5 Papers on Product Classification Every Data Scientist Should Read

Product categorization/product classification is the organization of products into their respective departments or categories. A large part of the process is the design of the product taxonomy as a whole. 

Product categorization was initially a text classification task that analyzed the product’s title to choose the appropriate category. However, numerous methods have been developed which take into account the product title, description, images, and other available metadata. 
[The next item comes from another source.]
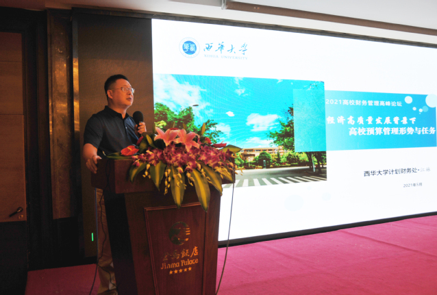 江林对学校进行了简要介绍后,以“经济高质量发展背景下高校预算管理形势与任务”为题,结合我校实际以“明时代、顺大势、承大任”为关键词作了专题演讲。演讲立足高校预算管理面临“过紧日子”的挑战与“国家完善教育经费投入机制”的机遇,就西华大学的预算管理认识定位、强化预算绩效动因、守预算初心担预算使命、构造“共治、法治、善治”预算治理新格局、用好“现代化”手段踏上预算绩效一体化管理新征程等任务进行了分析汇报,在与会专家、同行中引起了共鸣。

The following papers on product categorization represent essential reading in the field and offer novel approaches to product classification tasks.

1. Don’t Classify, Translate

In this paper, researchers from the National University of Singapore and the Rakuten Institute of Technology propose and explain a novel machine translation approach to product categorization. The experiment uses the Rakuten Data Challenge and Rakuten Ichiba datasets. 

Their method translates or converts a product’s description into a sequence of tokens which represent a root-to-leaf path to the correct category. Using this method, they are also able to propose meaningful new paths in the taxonomy.

The researchers state that their method outperforms many of the existing classification algorithms commonly used in machine learning today.
  • Published/Last Updated – Dec. 14, 2018
  • Authors and Contributors – Maggie Yundi Li (National University of Singapore), Stanley Kok (National University of Singapore), and Liling Tan (Rakuten Institute of Technology)

2. Large-Scale Categorization of Japanese Product Titles Using Neural Attention Models

The authors of this paper propose attention convolutional neural network (ACNN) models over baseline convolutional neural network (CNN) models and gradient boosted tree (GBT) classifiers. 

The study uses Japanese product titles taken from Rakuten Ichiba as training data. Using this data, the authors compare the performance of the three methods (ACNN, CNN, and GBT) for large-scale product categorization. 

While differences in inaccuracy can be less than 5%, even minor improvements in accuracy can result in millions of additional correct categorizations. 

Lastly, the authors explain how an ensemble of ACNN and GBT models can further minimize false categorizations.


  • Published/Last Updated – April, 2017 for EACL 2017
  • Authors and Contributors – From the Rakuten Institute of Technology: Yandi Xia, Aaron Levine, Pradipto Das Giuseppe Di Fabbrizio, Keiji Shinzato and Ankur Datta 

3. Atlas: A Dataset and Benchmark for Ecommerce Clothing Product Classification

Researchers at the University of Colorado and Ericsson Research (Chennai, India) have created a large product dataset known as Atlas. In this paper, the team presents its dataset which includes over 186,000 images of clothing products along with their product titles.